Python's Pickle differences between OS X and Linux (over Pandas DataFrame object)

Question

I exported a DataFrame on OS X to pickle using to_pickle.

Loading it back on OS X (using read_pickle) returns the same DataFrame as expected, but loading it on a Linux system (Debian) using the same function returns a different content.

From several posts it seems that pickle is guaranteed to be cross-platform when using binary mode (see: Is pickle file of python cross-platform?), but to_pickle and read_pickle don't accept any arguments, and I couldn't tell from their documentation if it's binary by default.

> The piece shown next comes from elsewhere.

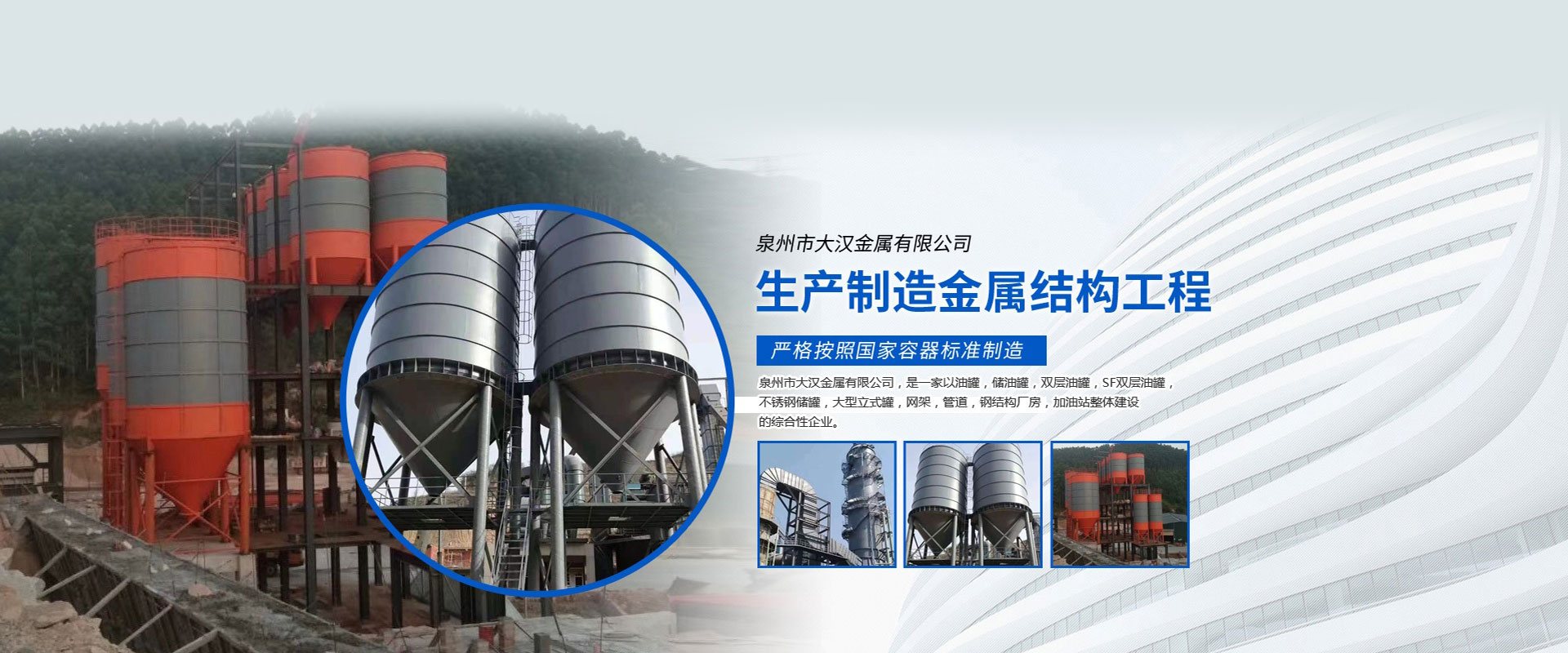 泉州市大漢金屬有限公司,是一家以油罐、儲(chǔ)油罐、雙層油罐、SF雙層油罐、不銹鋼儲(chǔ)罐、大型立式罐、網(wǎng)架、管道、鋼結(jié)構(gòu)廠房、加油站整體建設(shè)的綜合性企業(yè)。本公司以技術(shù)人員、施工經(jīng)驗(yàn)豐富的工程隊(duì)、自動(dòng)化設(shè)備、擁有鋼結(jié)構(gòu)建筑、螺栓球網(wǎng)架設(shè)計(jì)安裝技術(shù)力量,嚴(yán)格按照國(guó)家容器標(biāo)準(zhǔn)制造,是一家產(chǎn)品開發(fā)并生產(chǎn)各種壓力容器和制造金屬結(jié)構(gòu)工程,化工石油工程安裝的大型企業(yè)。近多年來,以質(zhì)量穩(wěn)定、客戶至上、信譽(yù)為本,以科技求發(fā)展,贏得廣大客戶支持與信賴。

How can I know if they are?

How can I make sure that my pickle files will be identical across platforms?

Notes:

This is a part of the .pickle file created using to_pickle:

945d 948c 055f 6461 7461 948c 1570 616e
6461 732e 636f 7265 2e69 6e74 6572 6e61
6c73 948c 0c42 6c6f 636b 4d61 6e61 6765
7294 9394 297d 9492 9428 5d94 288c 1370

Exporting it with a prefix of b (df.to_pickle(b'pickle_folder/df.pickle' as opposed to df.to_pickle('pickle_folder/df.pickle') doesn't change it's content.

Both python versions are identical (3.4.4).

EDIT

From their source code it seems like their using the highest protocol and binary reading/writing. That answers my first question. Still looking for a reason why they are different between platforms.

MaxU - stand with Ukraine · Accepted Answer

I can't directly answer your question:

why they are different between platforms?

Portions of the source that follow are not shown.